What is being asked:
Please set down only the lines below starting with the line with "GIỚI THIỆU TỔ KHOA HỌC TỰ NHIÊN - CÔNG NGHỆ" and going on through the line with "Prüfbericht Nr.: 169", verbatim and without pictures.

[Dataset items]
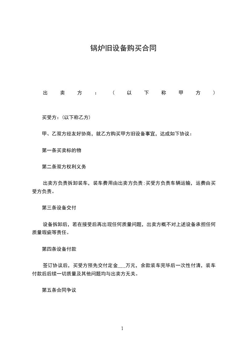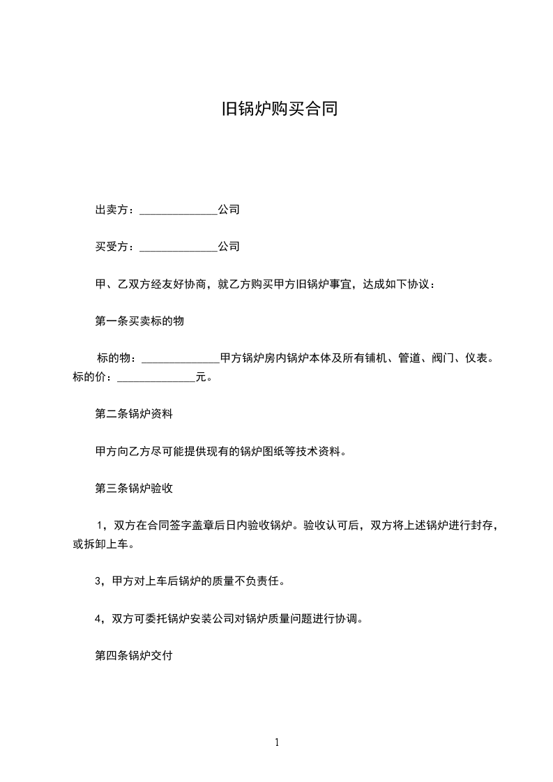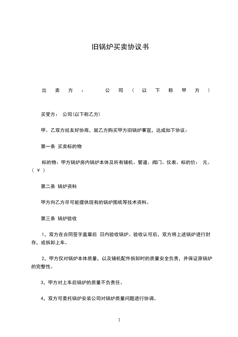 甲、乙双方经友好协商,就乙方购买甲方旧锅炉事宜,达成如下协议:
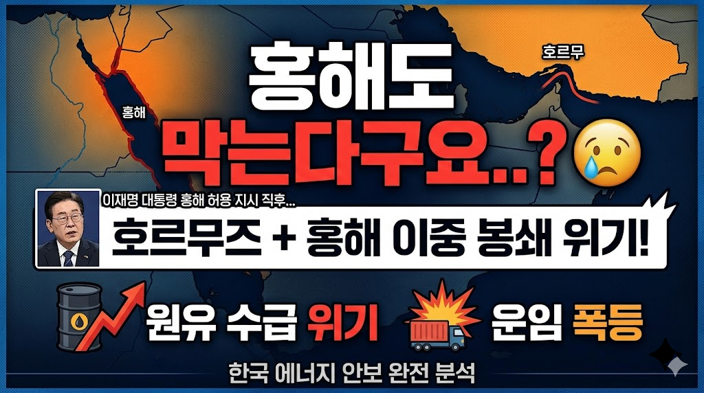 결과적으로 호르무즈 해협 봉쇄 + 홍해 봉쇄 위협이라는 ‘이중 봉쇄’ 시나리오가 현실화되면서 한국 에너지 안보가 최악의 상황에 놓이게 되었습니다.
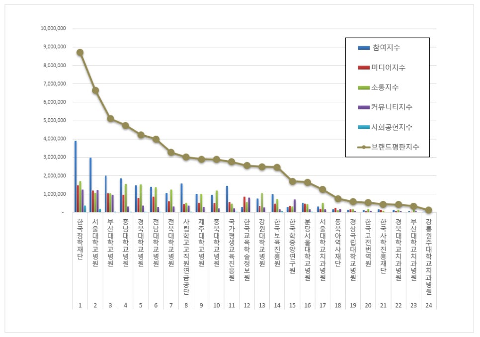 5위, 경북대학교병원 브랜드는 참여지수 1,480,702 미디어지수 786,041 소통지수 1,533,257 커뮤니티지수 386,675 사회공헌지수 39,214가 되면서 브랜드평판지수 4,225,890으로 분석됐다. 지난 12월 브랜드평판지수 4,230,261과 비교해보면 0.10% 하락했다.
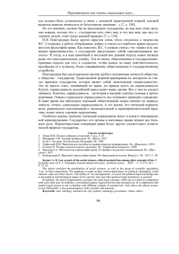 Кроме того, в статье фрагментарно рассматриваются основные правовые концепции, которые находятся в своеобразной конкуренции между собой и, тем не менее, консолидировано выступают против юридического позитивизма и нормативизма. Подчеркивается, что современная юридическая наука не столь хорошо знакома с различными вариантами нормативизма. И, прежде всего, этического. Между тем, у него есть хорошие перспективы, как научные, так и практические.
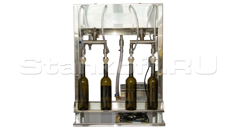 Даннный полуавтоматический аппарат позволяет производить розлив вина, водки, виски, воды, соков, масла и других жидких продуктов без газа дозировкой от 200 до 2000 мл.
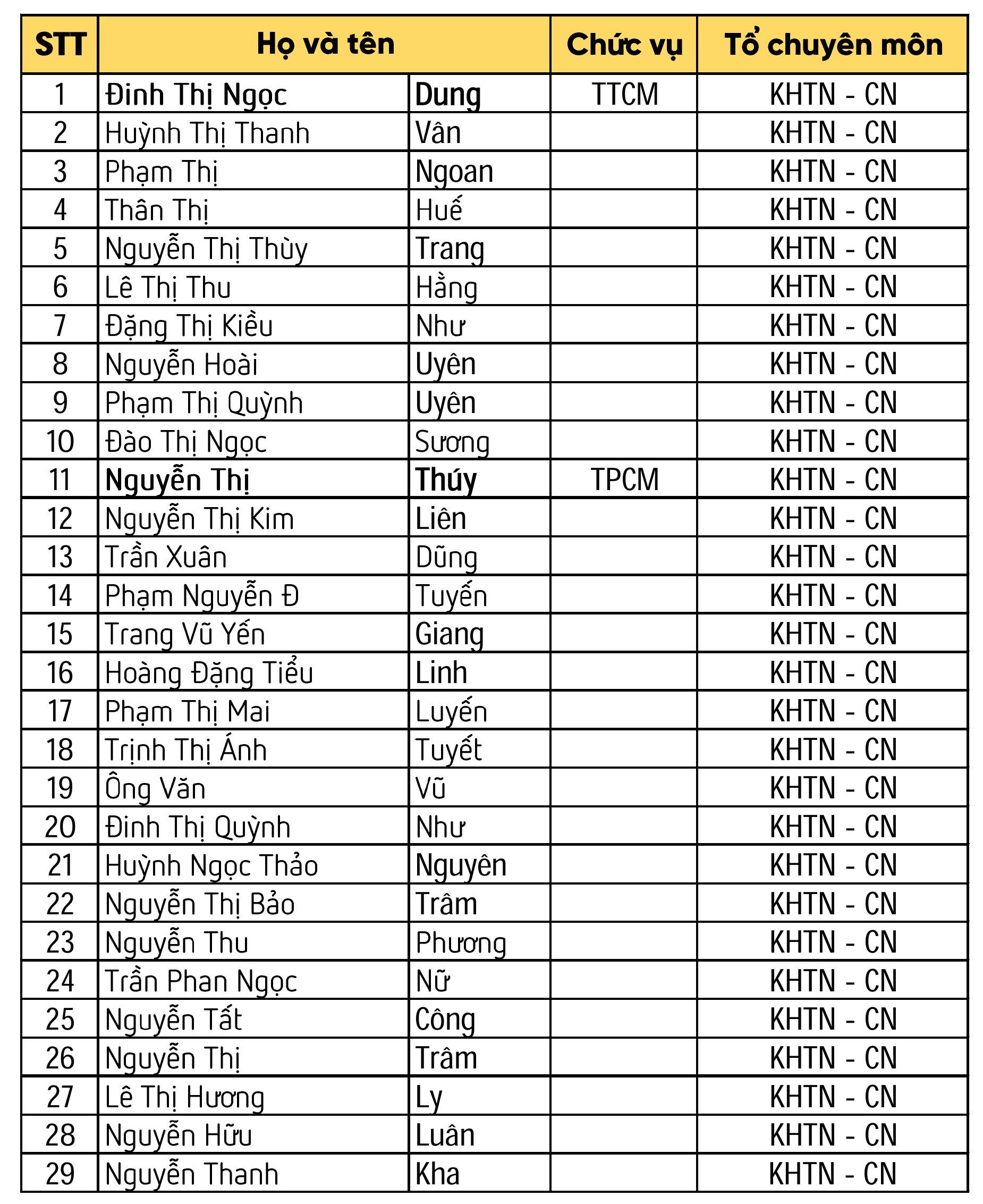 GIỚI THIỆU TỔ KHOA HỌC TỰ NHIÊN - CÔNG NGHỆ
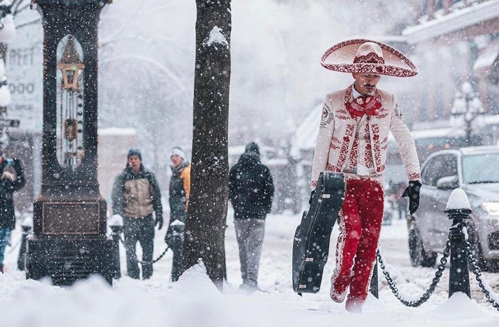 Canadá.- Orgullo, esfuerzo y sacrificio destacan en una fotografía que muestra a un músico mexicano enfundado en su traje típico de charro y cargando su instrumento debajo de una fuerte nevada y un clima extremo de menos 7 grados centígrados en Vancouver, Canadá, la imagen fue retomada como escudo por miles de mexicanos para dejarle saber al mundo entero que ¡no se saben rajar!
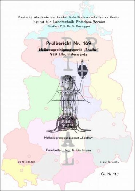 Prüfbericht Nr.: 169 Prüfstelle:: Institut für Landtechnik Potsdam-Bornim Hersteller:: VEB Elfa Elsterwerda Prüfgegenstand Melkzeugreinigungsgerät "Spülfix" Prüfdatum: 5. Februar 1958 Anzahl Seiten: 8
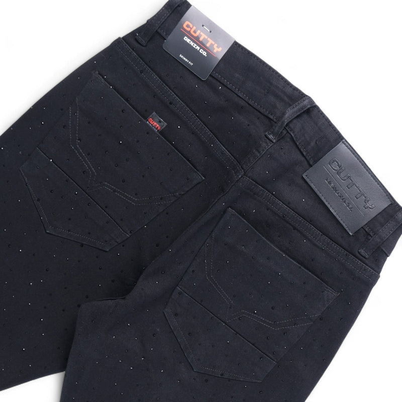 The Cutty Denim Co Antonio Skinny Jeans bring a sleek modern twist with subtle stud detailing across a deep black finish. Their slim fit design delivers a sharp confident look perfect for standout streetwear style.
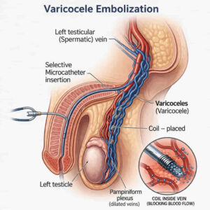 Varicocele embolization is an advanced, image-guided treatment designed to target faulty veins using tiny coils or embolic agents. This precise technique reduces vein enlargement, improves blood circulation, and helps relieve pain and infertility issues. Compared to traditional surgery, it offers faster recovery, minimal discomfort, and fewer complications.

Task output:
 GIỚI THIỆU TỔ KHOA HỌC TỰ NHIÊN - CÔNG NGHỆ
 Canadá.- Orgullo, esfuerzo y sacrificio destacan en una fotografía que muestra a un músico mexicano enfundado en su traje típico de charro y cargando su instrumento debajo de una fuerte nevada y un clima extremo de menos 7 grados centígrados en Vancouver, Canadá, la imagen fue retomada como escudo por miles de mexicanos para dejarle saber al mundo entero que ¡no se saben rajar!
 Prüfbericht Nr.: 169 Prüfstelle:: Institut für Landtechnik Potsdam-Bornim Hersteller:: VEB Elfa Elsterwerda Prüfgegenstand Melkzeugreinigungsgerät "Spülfix" Prüfdatum: 5. Februar 1958 Anzahl Seiten: 8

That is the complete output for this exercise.